# WORK TO BE COMPLETED
In the entries below, find the line with "d’eau de pluie" and the line with "Please join CSG". Repeat exactly everything between them, those two lines included, but not the pictures.

# ENTRIES SHOWN
○ ○ ○ ○ ○ ○ ○
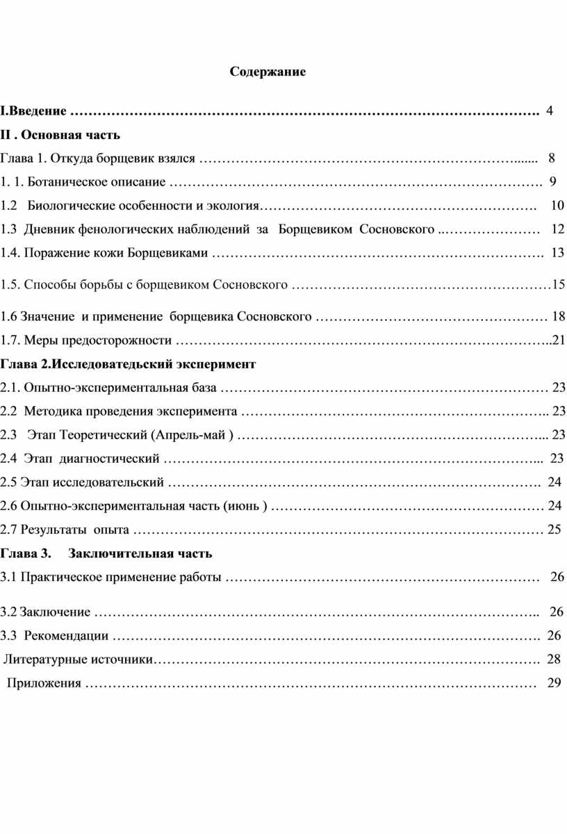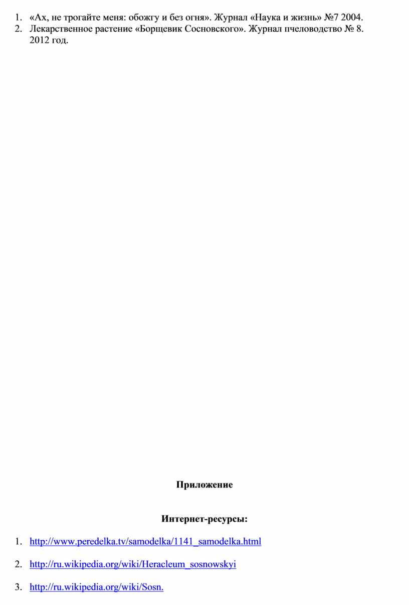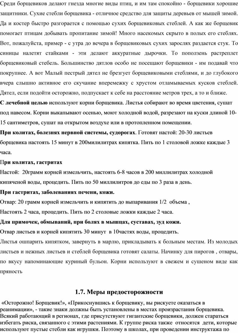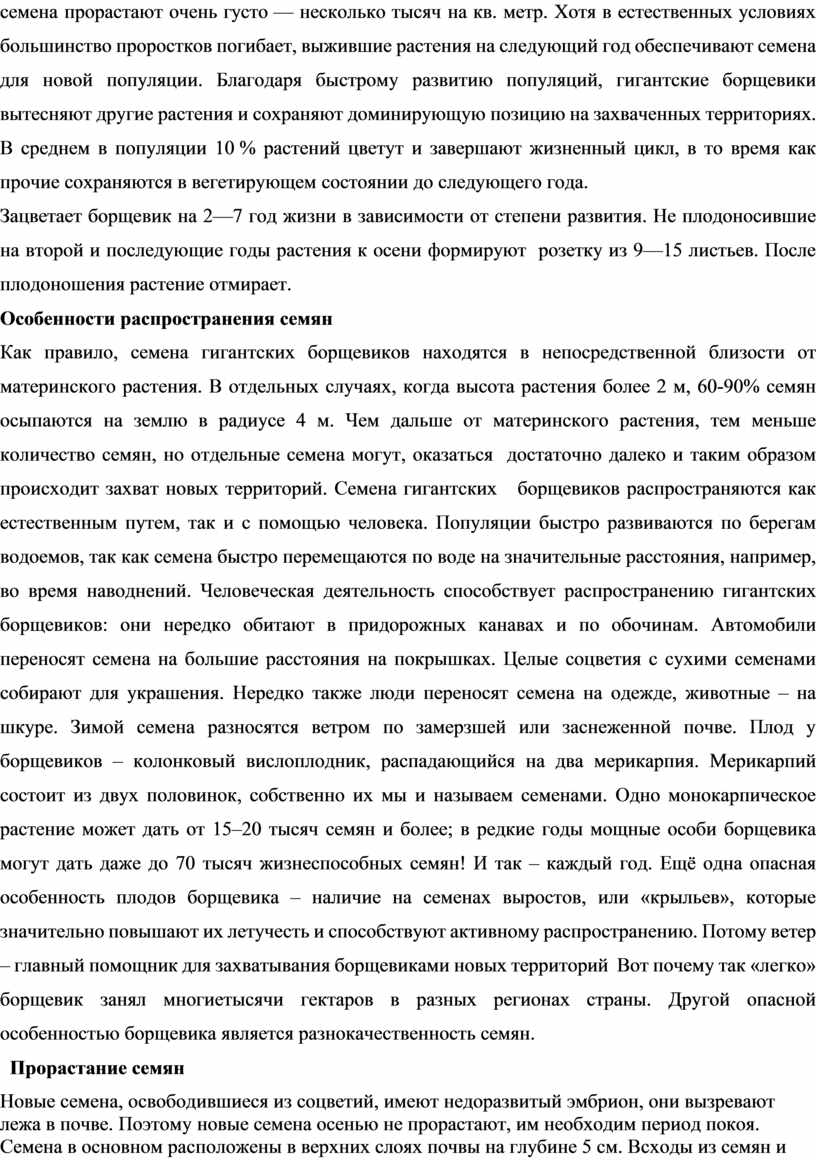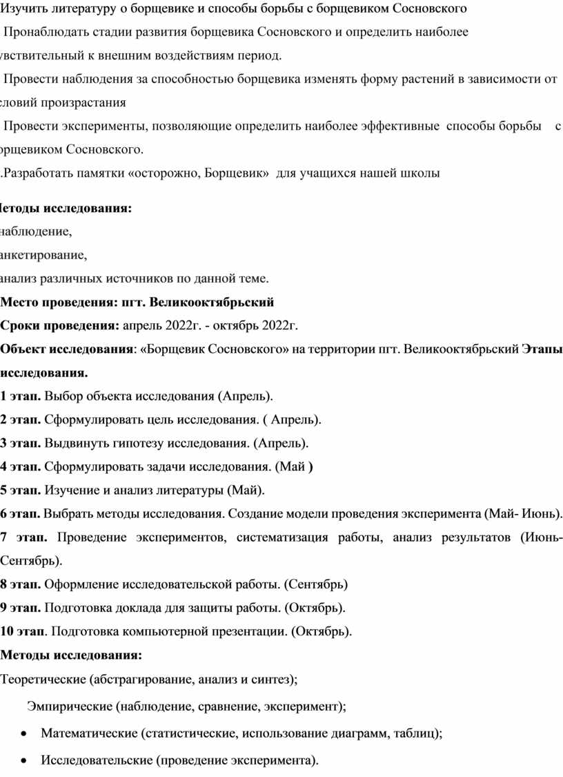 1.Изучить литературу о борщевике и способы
○ ○ ○ ○ ○ ○ ○
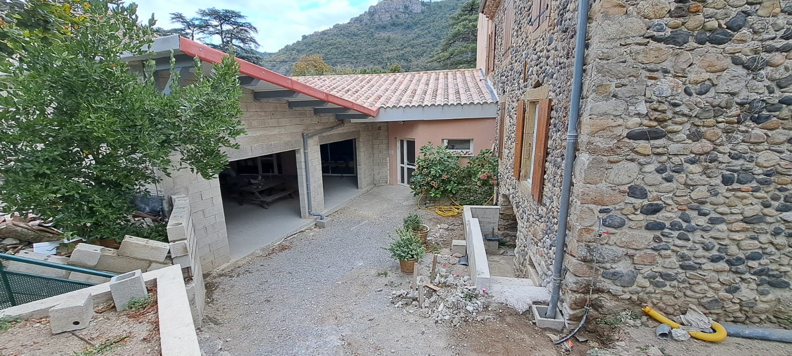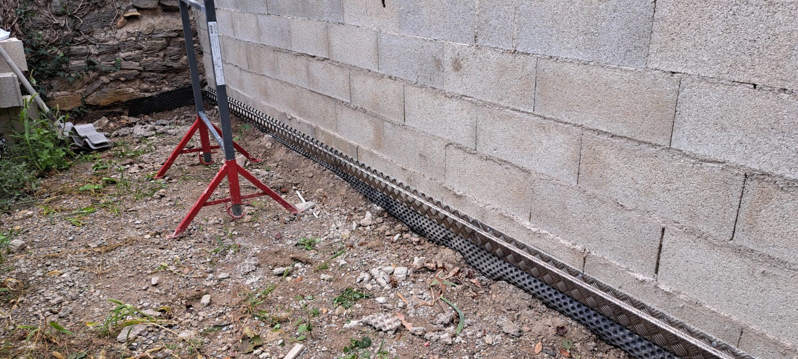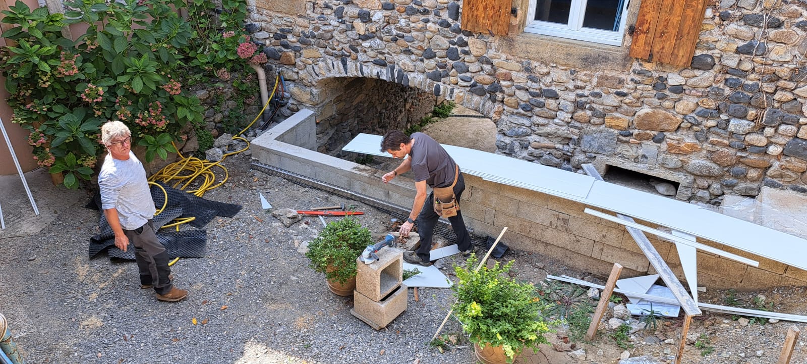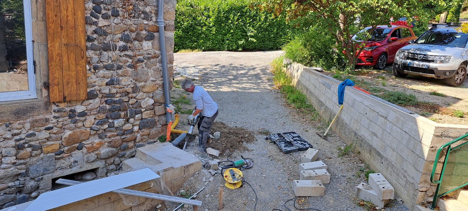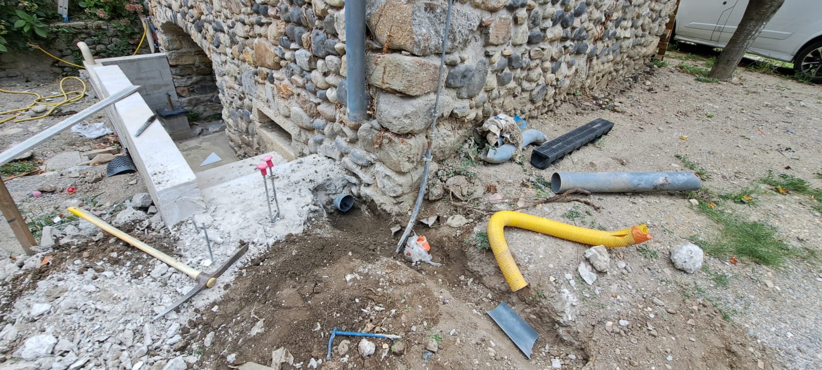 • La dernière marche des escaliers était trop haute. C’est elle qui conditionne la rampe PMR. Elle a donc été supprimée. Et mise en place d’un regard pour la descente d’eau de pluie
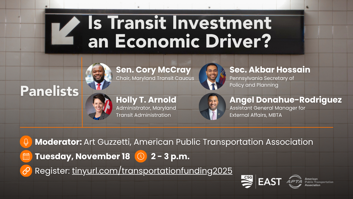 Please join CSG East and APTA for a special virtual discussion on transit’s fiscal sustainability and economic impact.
○ ○ ○ ○ ○ ○ ○
# EXERCISE SOLUTION
 • La dernière marche des escaliers était trop haute. C’est elle qui conditionne la rampe PMR. Elle a donc été supprimée. Et mise en place d’un regard pour la descente d’eau de pluie
 Please join CSG East and APTA for a special virtual discussion on transit’s fiscal sustainability and economic impact.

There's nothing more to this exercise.